Riprese quindi il cammino. Ma erano passati tre anni. Aveva ormai mancato l’appuntamento con i suoi tre compagni. Non aveva più doni per onorare il re che dovevano incontrare. Aveva perso di vista la stella e si sentiva come noi quando smarriamo la certezza dei riferimenti e la speranza nella nostra vita. In quel mentre, il pianto di una donna gli attraversò gli orecchi e il cuore. «Perché piangi, donna?». «Perché mio figlio, l’unico, è stato rinchiuso in carcere, in quanto per la nostra povertà non abbiamo rifuso il debito all’usuraio. E dovrà rimanere in carcere trent’anni. Che sarà di lui e di me?». «Come è possibile aiutarti, donna?». «Soltanto se qualcuno si sostituisse a mio figlio, io potrei riaverlo». «Lo farò io, avrai tuo figlio». Il figlio, come risorto, fu restituito alla madre, ed il re rimase in prigione trent’anni. Trascorso il tempo, il re fu liberato.

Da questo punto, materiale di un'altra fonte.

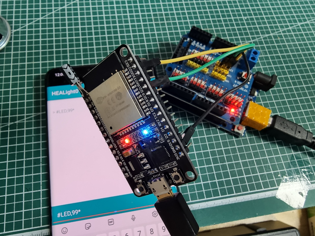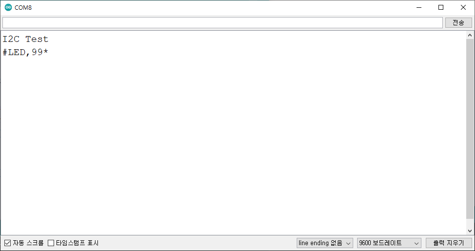 2. 스마트폰에서 명령어 (예: #LED,99*)를 입력하고 전송 버튼을 누른다.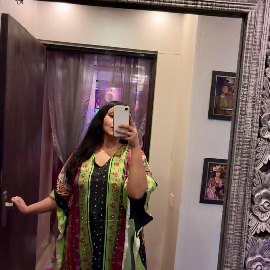 A statement-making multicolor crepe kaftan that blends traditional charm with contemporary comfort. Adorned with delicate mirror work and gold thread detailing, this flowy silhouette offers effortless elegance for festive gatherings, brunches, or evening soirees. The luxe crepe fabric drapes beautifully, while the vibrant stripes add a touch of artistic flair.

Era ormai un’altra persona. Consumato dalle privazioni, era invecchiato e la febbre lo divorava. Tuttavia, sebbene fossero passati trentatrè anni, il suo primo pensiero era sempre a Gerusalemme e al re che doveva onorare. Con le poche forze che gli rimanevano, si incamminò verso Gerusalemme. Giunto alle porte della città santa, si informò: «È qui il re dei Giudei?». «Non abbiamo nessun re che Cesare, qui», gli fu risposto, «ma c’è un poveretto che oggi è stato condannato a morte perché ha detto di essere il re dei giudei. Lo vedi? È quello lì, sulla croce». Il re fissò lo sguardo su colui che pendeva dalla croce. E lo riconobbe. Era di lui che era partito alla ricerca, trentatrè anni prima. Si avvicinò al crocifisso e gli parlò: «Mio re! Perdonami. Sarei dovuto essere qui trentatrè anni fa… E non ho più nulla da donarti…». Il crocifisso gli rispose: «Non temere, servo buono e fedele. I tuoi compagni mi hanno adorato, ma poi sono andati via. Tu invece in questi trentatrè anni sei sempre stato con me, e nei poveri e nei sofferenti che hai servito e onorato, hai servito e onorato me. Oggi stesso, ti dico, sarai con me in paradiso».
Questo racconto ricapitola tutto quanto detto in questi giorni sul cammino di santità che ha bisogno appunto di occhi, cuore, orecchi, bocca, mani, piedi e ginocchia per pregare, adorare il Signore e per amare gli altri. Come ha insegnato don Tonino Bello negli ultimi momenti della sua vita, «questo è il sale della vita: amare. Amare la gente, i poveri specialmente. E Gesù Cristo. Il resto non conta nulla».